[[ GIVEN DATA, beginning ]]

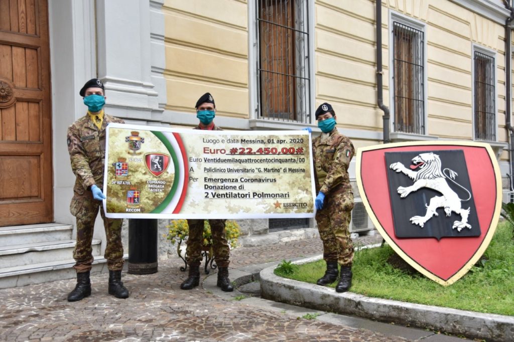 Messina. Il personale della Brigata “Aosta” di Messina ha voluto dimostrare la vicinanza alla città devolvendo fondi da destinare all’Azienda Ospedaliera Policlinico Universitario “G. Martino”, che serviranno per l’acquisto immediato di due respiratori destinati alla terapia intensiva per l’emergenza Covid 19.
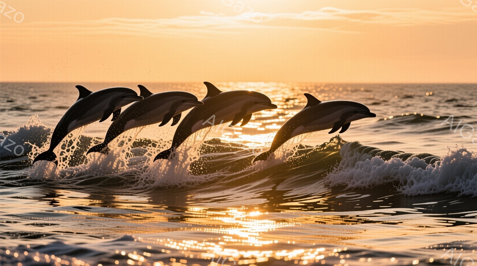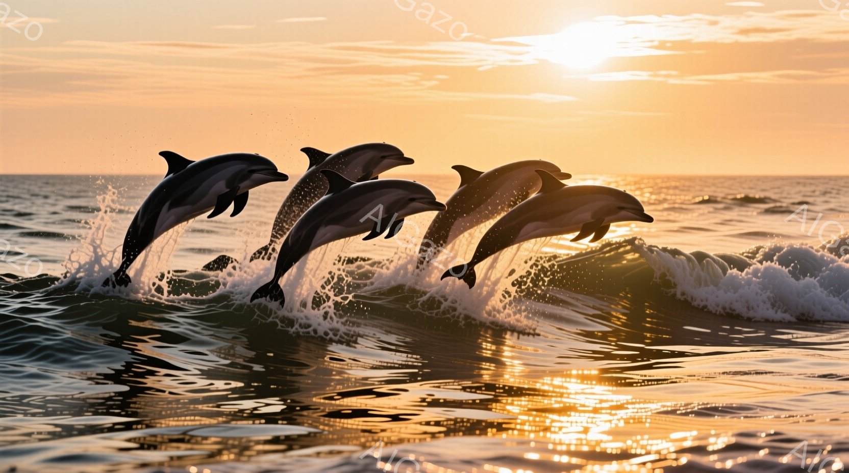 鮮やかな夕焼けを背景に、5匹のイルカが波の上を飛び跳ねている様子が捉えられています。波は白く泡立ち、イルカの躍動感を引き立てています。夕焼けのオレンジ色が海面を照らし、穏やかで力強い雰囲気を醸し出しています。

[[ GIVEN DATA, end ]]
[[ GIVEN DATA, beginning ]]

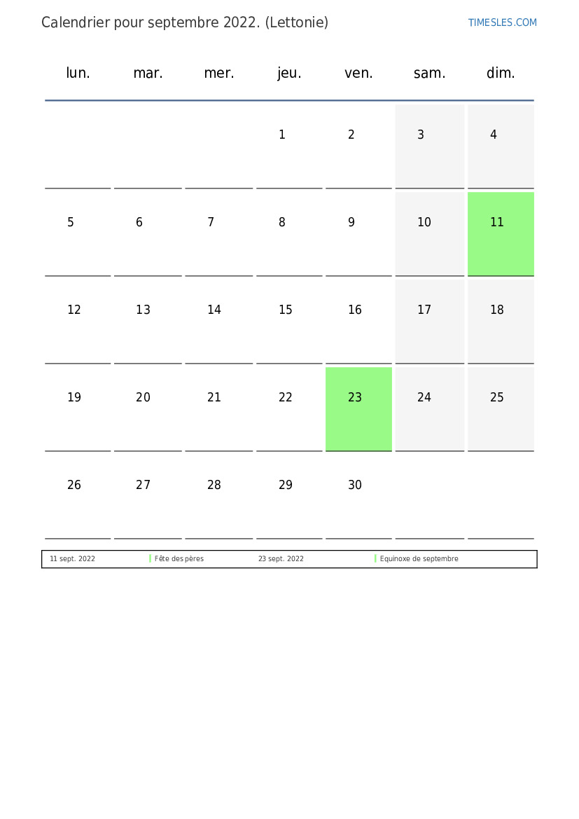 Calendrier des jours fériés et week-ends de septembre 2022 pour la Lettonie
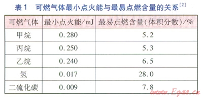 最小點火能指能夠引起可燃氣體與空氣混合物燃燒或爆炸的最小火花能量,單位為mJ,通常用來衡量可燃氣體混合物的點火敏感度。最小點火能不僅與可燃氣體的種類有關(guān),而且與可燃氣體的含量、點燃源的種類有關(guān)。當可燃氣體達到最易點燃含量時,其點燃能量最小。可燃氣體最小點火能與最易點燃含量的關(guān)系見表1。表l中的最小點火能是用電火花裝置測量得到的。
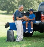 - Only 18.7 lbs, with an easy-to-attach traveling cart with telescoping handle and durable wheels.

[[ GIVEN DATA, end ]]

▶ [WHAT YOU ARE ASKED TO DO]: Copy out the lines above from the line containing "最小點火能指能夠引起可燃氣體" through the line containing "- Only 18.7", exactly, and keep the pictures out.

▶ [THE ANSWER]:
 最小點火能指能夠引起可燃氣體與空氣混合物燃燒或爆炸的最小火花能量,單位為mJ,通常用來衡量可燃氣體混合物的點火敏感度。最小點火能不僅與可燃氣體的種類有關(guān),而且與可燃氣體的含量、點燃源的種類有關(guān)。當可燃氣體達到最易點燃含量時,其點燃能量最小。可燃氣體最小點火能與最易點燃含量的關(guān)系見表1。表l中的最小點火能是用電火花裝置測量得到的。
 - Only 18.7 lbs, with an easy-to-attach traveling cart with telescoping handle and durable wheels.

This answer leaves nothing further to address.